The model’s strengths, challenges and weaknesses are based on the model data, thematic parameters and model implementation. This study aims to predict an earthquake risk on the east coast of India by using the integrated combined MCDM methods (subjective and objective), along with the ANN and GIS techniques. This study show cases a thorough evaluation of risks and can be implemented on a large scale to obtain precise risk information.

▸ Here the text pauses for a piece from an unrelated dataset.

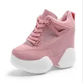 Hot Sale 2018 High Heel Wedges Platform Sneakers 11CM Height Increasing Women Pu Leather Shoes Comfortable Casual Woman Shoes

The constraints and challenges of this study are mostly related to collecting large datasets and their processing using machine-learning algorithms. Proper datasets of some parameters may not be available, besides obtaining datasets for larger study regions. As a result, data from other (secondary) sources are used, which may contain inaccuracies. Similarly, absence of parameters such as liquefaction factors, soil characteristics, fault characteristics, earthquake precursors, seismic structure and building types has an impact on the study. Subjectivity makes it difficult to obtain high-quality data and estimate priorities. Furthermore, limitations also arise from failing to account for diurnal or day and night fluctuations in many characteristics when evaluating vulnerability. Also, the ANN technique is data-dependent. Hence, an earthquake probability distribution study requires lots of training data; selecting appropriate parameters is crucial to avoid bias in results. Designing and implementing the ANN model require a significant amount of work. Despite all these limits and obstacles, the models used in this study are effective for assessing earthquakes and mitigating and minimising disaster risk. This approach can be used in other areas with few modifications, and several government agencies can utilise the results.

However, high-resolution LiDAR-created Digital Elevation Models (DEMs) and a three-dimensional city model may improve results in the future. Additionally, future research should explore the impact of biodiversity on earthquake risk assessment in specific regions in conjunction with other machine-learning methods. Ultimately, the integration of the AHP, CRITIC and ANN with Geographic Information System (GIS) provides a promising framework for investigating the effects of various disasters on both society and infrastructure.

Conclusions

Identifying hazardous and risk zones is a crucial aspect of mitigating seismic hazards. In this study, we have estimated the earthquake risk for the east coast of India by integrating MCDM models, namely the subjective AHP and the objective CRITIC, with ANN. Twenty-seven non-spatial and spatial data sets were used to evaluate earthquake risk in the study area.

This study indicates that approximately 4.46% of the area of the East Coast region is prone to high earthquake risk, 29.40% moderate, 36.25% low risk, and the remaining area is under very low earthquake risk. About 11.24% of the total residing population is at high risk, 29.19% at moderate, 32.09% at low and 27.48% live under very low risk. The sensitivity analysis has been performed to comprehend the impact of various parameters used to develop the coping capacity and vulnerability for the east coast. We have also used the ROC curve to validate the AHP-CRITIC-ANN integrated model, which indicated relatively good results with an AUC of 0.85. The results may be helpful to mitigation and planning authorities in identifying risk prone areas in the East Coast region and plan for any potential earthquake induced disaster well in advance.